__Data supplied__.
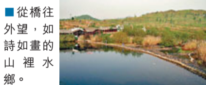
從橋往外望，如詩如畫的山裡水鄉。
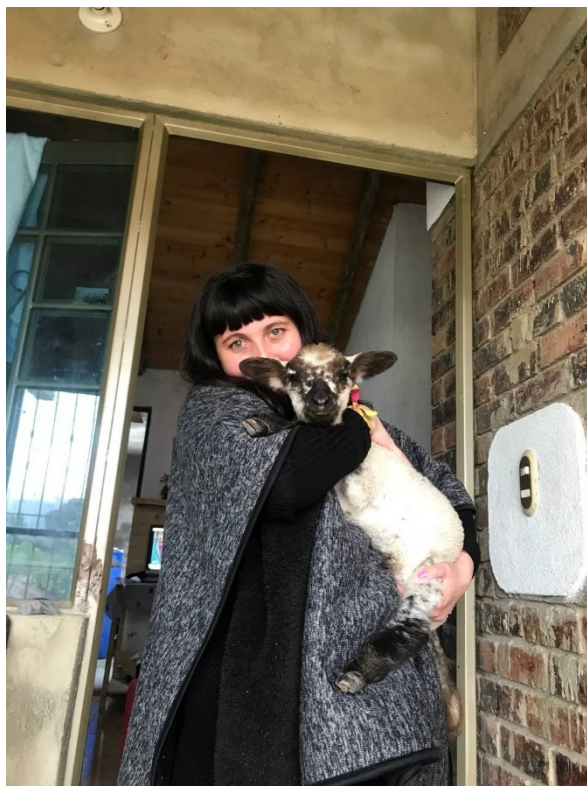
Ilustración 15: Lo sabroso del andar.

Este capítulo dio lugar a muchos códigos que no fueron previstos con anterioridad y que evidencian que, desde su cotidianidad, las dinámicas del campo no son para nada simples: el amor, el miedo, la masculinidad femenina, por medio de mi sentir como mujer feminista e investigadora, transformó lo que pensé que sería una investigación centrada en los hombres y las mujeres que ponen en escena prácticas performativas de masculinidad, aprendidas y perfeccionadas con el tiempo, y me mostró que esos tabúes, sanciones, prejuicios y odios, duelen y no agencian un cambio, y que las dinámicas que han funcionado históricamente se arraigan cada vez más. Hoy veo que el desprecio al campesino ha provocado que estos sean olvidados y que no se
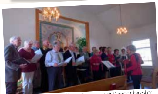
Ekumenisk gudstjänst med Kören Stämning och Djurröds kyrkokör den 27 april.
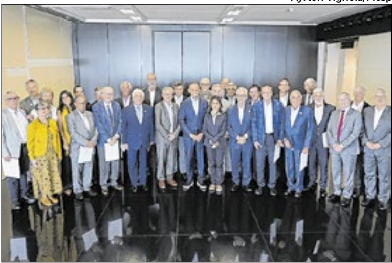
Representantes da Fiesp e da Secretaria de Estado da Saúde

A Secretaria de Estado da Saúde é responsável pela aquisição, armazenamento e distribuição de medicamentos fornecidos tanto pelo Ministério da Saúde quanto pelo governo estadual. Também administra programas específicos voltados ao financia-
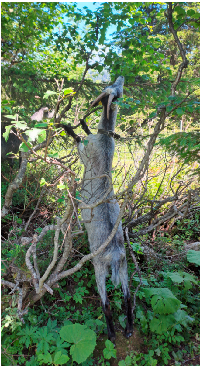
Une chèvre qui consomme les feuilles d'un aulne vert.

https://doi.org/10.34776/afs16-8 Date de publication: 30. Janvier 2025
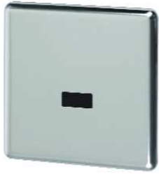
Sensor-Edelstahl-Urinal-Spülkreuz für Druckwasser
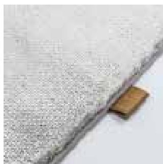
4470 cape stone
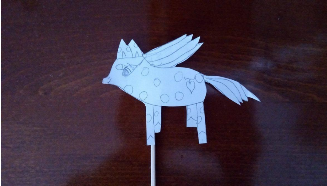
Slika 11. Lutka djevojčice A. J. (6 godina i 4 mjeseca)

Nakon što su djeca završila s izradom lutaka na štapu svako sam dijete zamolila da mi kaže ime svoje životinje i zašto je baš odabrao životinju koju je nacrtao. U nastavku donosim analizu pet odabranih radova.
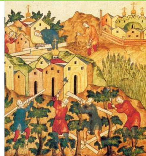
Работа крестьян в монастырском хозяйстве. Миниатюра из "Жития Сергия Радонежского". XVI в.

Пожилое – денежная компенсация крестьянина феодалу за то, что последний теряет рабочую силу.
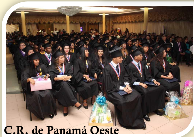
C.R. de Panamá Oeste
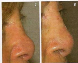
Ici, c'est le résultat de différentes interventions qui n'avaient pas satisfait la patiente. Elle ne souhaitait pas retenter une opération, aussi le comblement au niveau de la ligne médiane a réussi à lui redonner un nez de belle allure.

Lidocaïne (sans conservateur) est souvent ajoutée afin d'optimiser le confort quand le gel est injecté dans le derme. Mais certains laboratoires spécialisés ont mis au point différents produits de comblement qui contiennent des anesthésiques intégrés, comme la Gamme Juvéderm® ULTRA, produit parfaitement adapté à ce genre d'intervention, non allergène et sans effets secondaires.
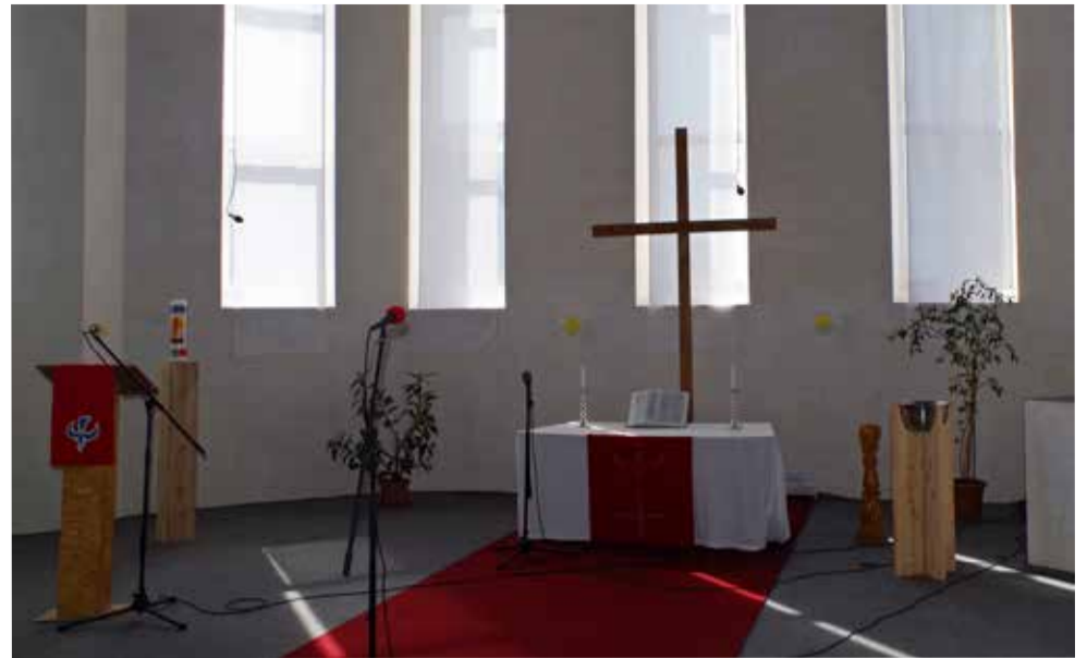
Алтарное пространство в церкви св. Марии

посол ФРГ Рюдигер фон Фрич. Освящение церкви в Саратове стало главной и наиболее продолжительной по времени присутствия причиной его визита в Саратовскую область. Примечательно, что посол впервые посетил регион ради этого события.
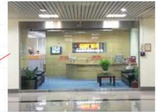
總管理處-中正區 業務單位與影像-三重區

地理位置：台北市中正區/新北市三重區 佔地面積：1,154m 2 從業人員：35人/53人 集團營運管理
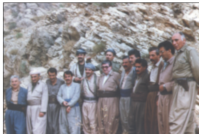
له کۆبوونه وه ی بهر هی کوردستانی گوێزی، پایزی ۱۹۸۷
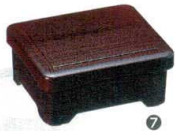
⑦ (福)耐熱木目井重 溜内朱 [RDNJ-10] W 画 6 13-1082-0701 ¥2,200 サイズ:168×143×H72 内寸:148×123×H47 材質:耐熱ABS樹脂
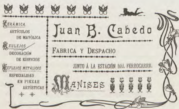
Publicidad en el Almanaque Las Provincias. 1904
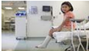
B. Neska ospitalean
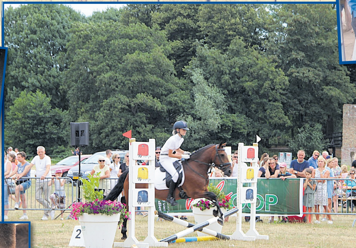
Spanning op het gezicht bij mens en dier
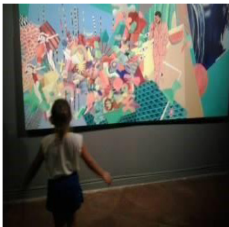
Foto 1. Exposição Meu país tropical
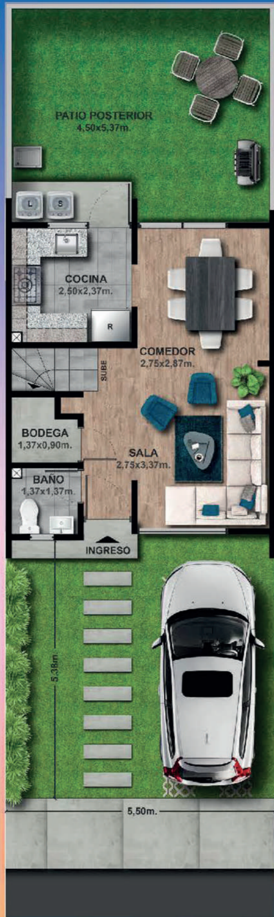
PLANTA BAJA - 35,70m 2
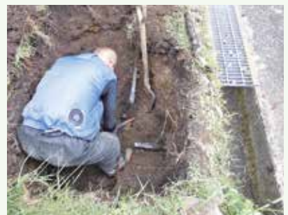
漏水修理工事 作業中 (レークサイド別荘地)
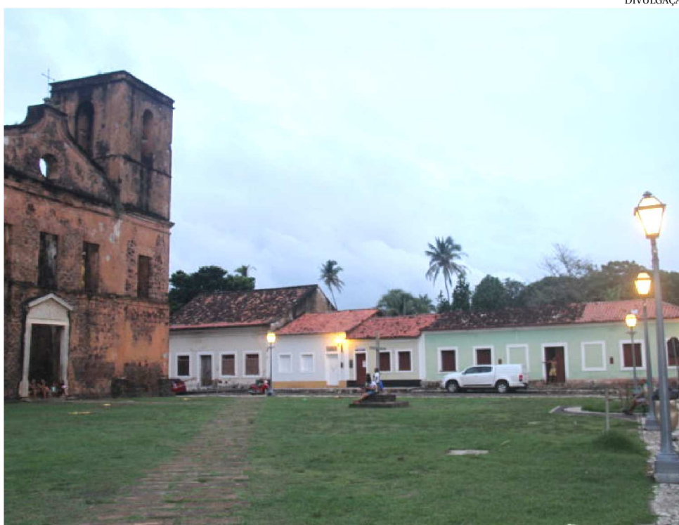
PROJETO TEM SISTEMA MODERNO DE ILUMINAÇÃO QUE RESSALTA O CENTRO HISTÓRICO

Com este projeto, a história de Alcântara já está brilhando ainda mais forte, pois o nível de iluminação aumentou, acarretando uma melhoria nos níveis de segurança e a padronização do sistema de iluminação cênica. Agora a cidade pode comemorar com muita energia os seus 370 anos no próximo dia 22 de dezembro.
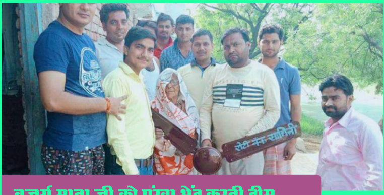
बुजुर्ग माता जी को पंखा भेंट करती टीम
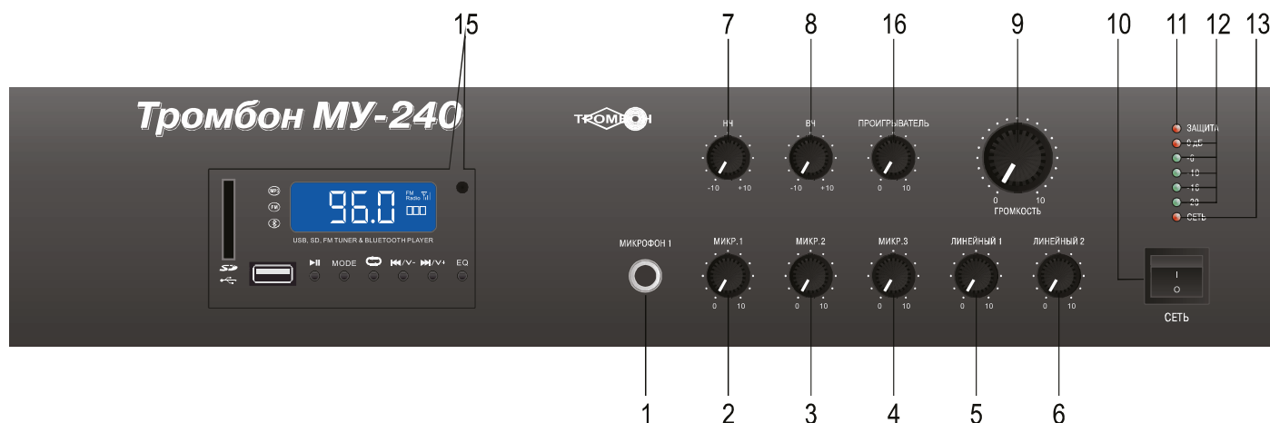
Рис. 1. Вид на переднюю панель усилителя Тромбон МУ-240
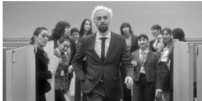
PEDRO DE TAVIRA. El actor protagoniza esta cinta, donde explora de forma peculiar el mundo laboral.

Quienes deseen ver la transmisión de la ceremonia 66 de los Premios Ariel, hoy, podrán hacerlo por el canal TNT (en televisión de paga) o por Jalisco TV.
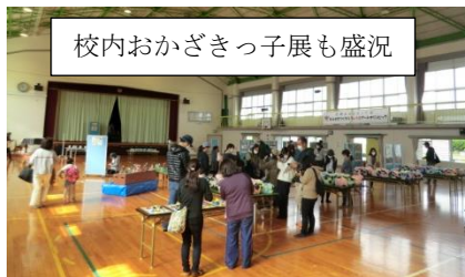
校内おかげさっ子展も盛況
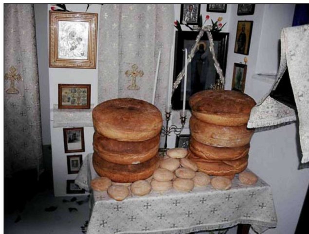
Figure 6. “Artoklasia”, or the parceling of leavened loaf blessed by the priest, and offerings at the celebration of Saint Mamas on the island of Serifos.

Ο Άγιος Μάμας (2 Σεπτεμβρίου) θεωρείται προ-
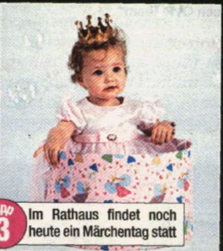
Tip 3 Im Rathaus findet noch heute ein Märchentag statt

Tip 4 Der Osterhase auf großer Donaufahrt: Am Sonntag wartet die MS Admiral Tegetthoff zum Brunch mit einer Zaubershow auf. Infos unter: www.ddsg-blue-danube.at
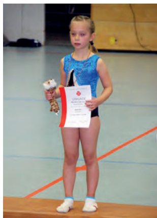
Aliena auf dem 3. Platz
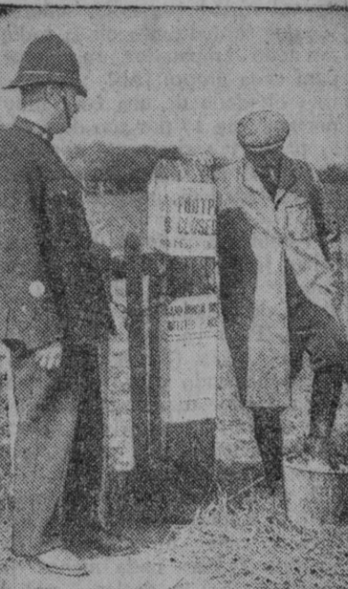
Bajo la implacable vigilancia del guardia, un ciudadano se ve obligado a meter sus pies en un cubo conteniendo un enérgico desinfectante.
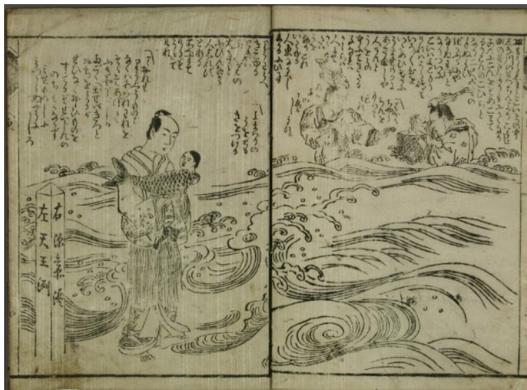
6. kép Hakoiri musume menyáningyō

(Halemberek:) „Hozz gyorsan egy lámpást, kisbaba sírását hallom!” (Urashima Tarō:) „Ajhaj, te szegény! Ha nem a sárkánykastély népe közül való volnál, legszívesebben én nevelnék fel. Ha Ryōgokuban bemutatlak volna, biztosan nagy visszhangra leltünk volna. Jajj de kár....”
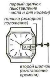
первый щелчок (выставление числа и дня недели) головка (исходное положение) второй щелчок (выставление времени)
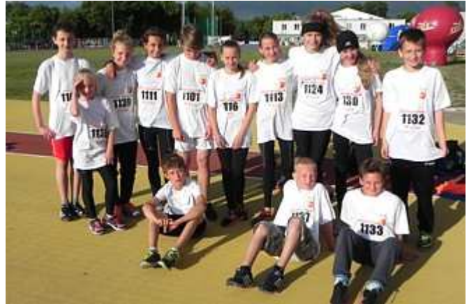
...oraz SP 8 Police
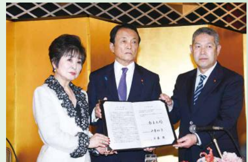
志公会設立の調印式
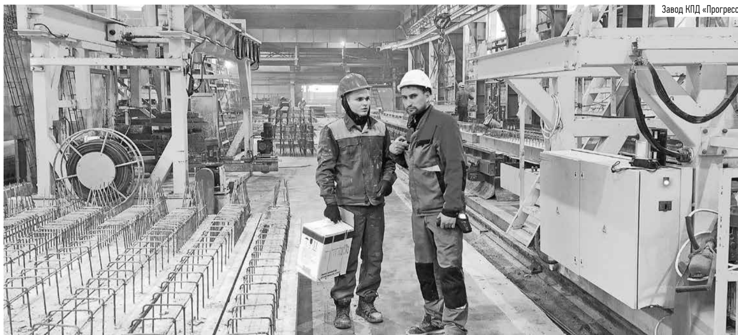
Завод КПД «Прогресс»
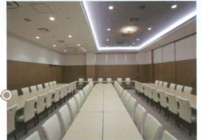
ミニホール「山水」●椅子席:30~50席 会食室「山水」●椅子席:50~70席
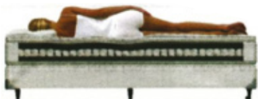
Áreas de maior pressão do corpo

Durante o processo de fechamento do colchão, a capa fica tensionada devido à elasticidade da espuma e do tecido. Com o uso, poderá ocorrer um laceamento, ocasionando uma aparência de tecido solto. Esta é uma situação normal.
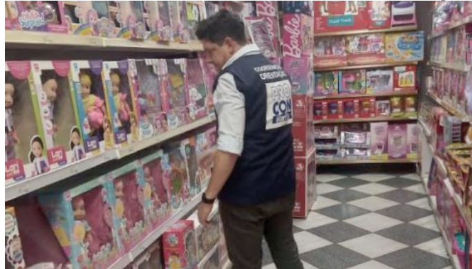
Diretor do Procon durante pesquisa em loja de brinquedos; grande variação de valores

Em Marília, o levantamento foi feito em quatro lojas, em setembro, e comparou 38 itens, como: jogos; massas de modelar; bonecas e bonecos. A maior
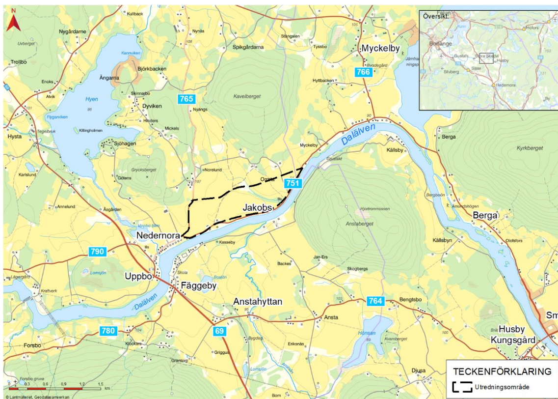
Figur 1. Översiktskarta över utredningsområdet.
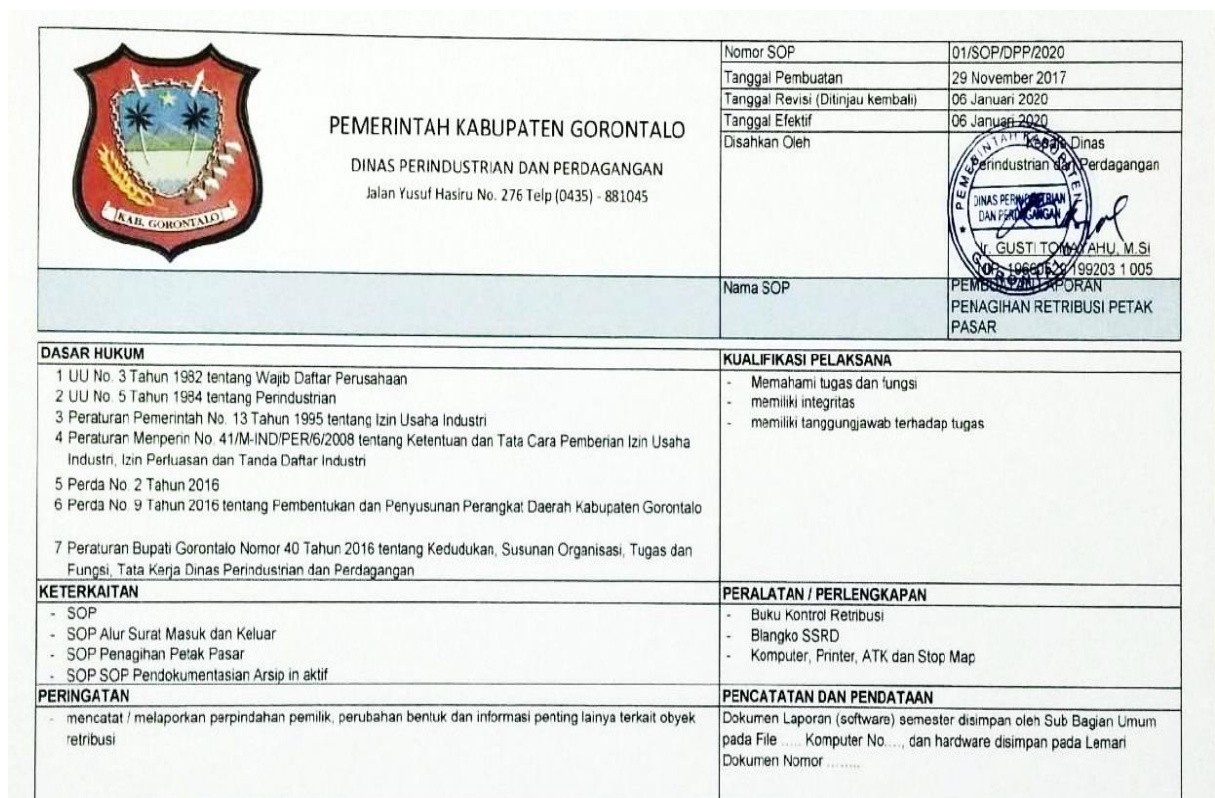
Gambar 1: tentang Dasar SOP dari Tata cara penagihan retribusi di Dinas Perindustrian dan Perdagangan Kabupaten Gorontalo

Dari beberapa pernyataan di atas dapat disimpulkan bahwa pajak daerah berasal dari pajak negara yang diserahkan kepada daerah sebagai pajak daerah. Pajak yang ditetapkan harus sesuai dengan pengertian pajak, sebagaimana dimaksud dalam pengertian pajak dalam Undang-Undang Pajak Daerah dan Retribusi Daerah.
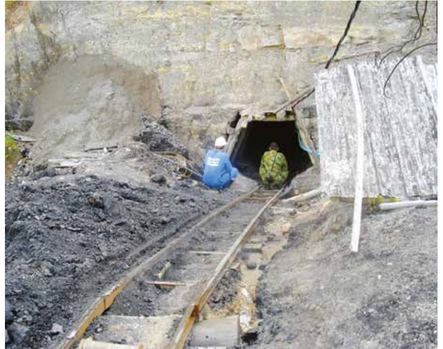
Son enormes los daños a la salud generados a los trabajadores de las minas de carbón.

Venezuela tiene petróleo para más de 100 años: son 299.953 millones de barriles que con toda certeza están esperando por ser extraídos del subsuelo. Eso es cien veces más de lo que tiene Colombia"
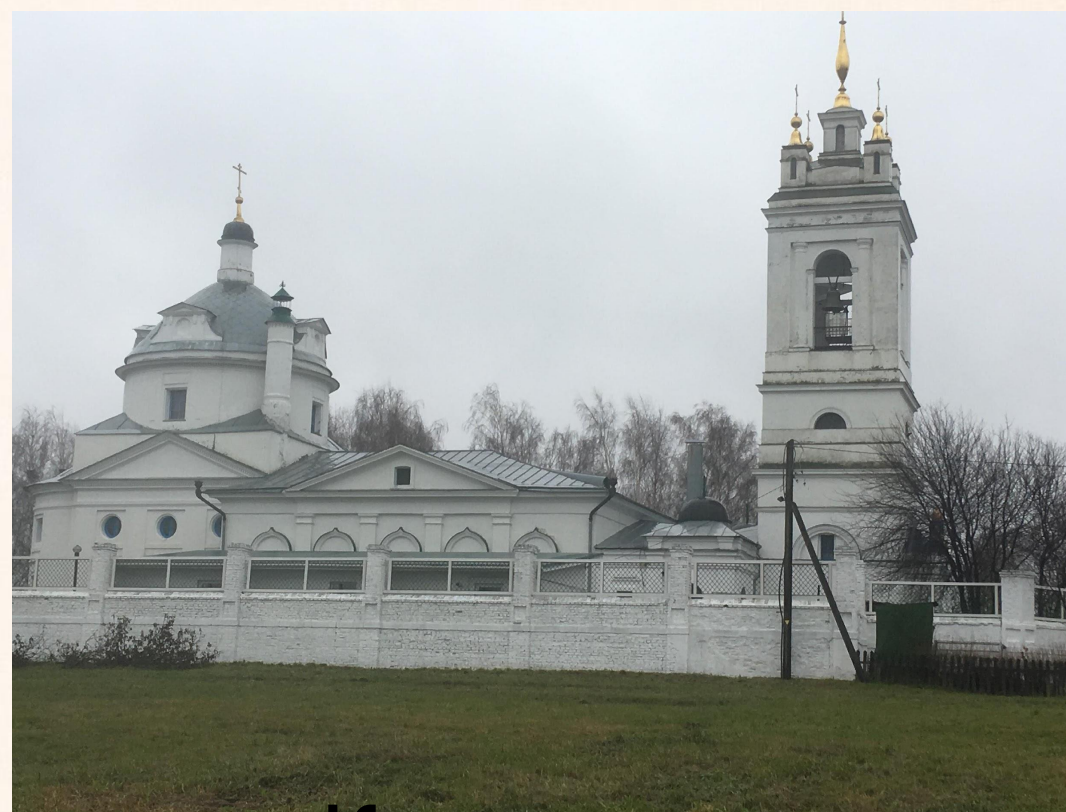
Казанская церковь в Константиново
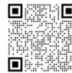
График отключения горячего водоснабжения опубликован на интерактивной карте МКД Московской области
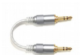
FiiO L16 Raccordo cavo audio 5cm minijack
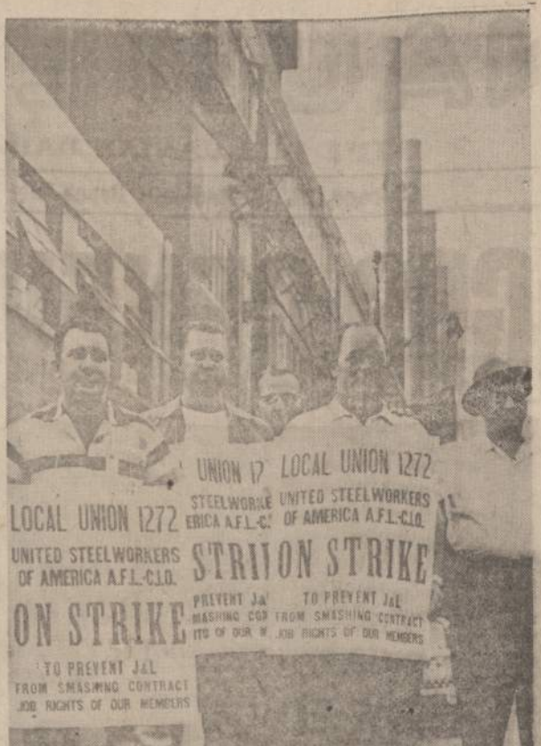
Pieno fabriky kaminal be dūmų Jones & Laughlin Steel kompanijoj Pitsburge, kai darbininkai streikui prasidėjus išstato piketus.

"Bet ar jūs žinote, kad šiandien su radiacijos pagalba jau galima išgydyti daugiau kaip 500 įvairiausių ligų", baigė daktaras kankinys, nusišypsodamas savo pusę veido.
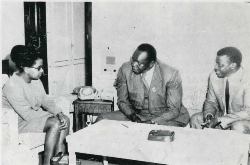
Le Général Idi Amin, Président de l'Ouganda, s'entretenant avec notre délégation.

__Task brief__. From the line with "Bajo la implacable" up to and including the line with "Gambar 1: tentang" above, retype every line exactly and nothing more; leave out the pictures.

__Answer section__.
Bajo la implacable vigilancia del guardia, un ciudadano se ve obligado a meter sus pies en un cubo conteniendo un enérgico desinfectante.
6. kép Hakoiri musume menyáningyō

(Halemberek:) „Hozz gyorsan egy lámpást, kisbaba sírását hallom!” (Urashima Tarō:) „Ajhaj, te szegény! Ha nem a sárkánykastély népe közül való volnál, legszívesebben én nevelnék fel. Ha Ryōgokuban bemutatlak volna, biztosan nagy visszhangra leltünk volna. Jajj de kár....”
первый щелчок (выставление числа и дня недели) головка (исходное положение) второй щелчок (выставление времени)
...oraz SP 8 Police
志公会設立の調印式
Завод КПД «Прогресс»
ミニホール「山水」●椅子席:30~50席 会食室「山水」●椅子席:50~70席
Áreas de maior pressão do corpo

Durante o processo de fechamento do colchão, a capa fica tensionada devido à elasticidade da espuma e do tecido. Com o uso, poderá ocorrer um laceamento, ocasionando uma aparência de tecido solto. Esta é uma situação normal.
Diretor do Procon durante pesquisa em loja de brinquedos; grande variação de valores

Em Marília, o levantamento foi feito em quatro lojas, em setembro, e comparou 38 itens, como: jogos; massas de modelar; bonecas e bonecos. A maior
Figur 1. Översiktskarta över utredningsområdet.
Gambar 1: tentang Dasar SOP dari Tata cara penagihan retribusi di Dinas Perindustrian dan Perdagangan Kabupaten Gorontalo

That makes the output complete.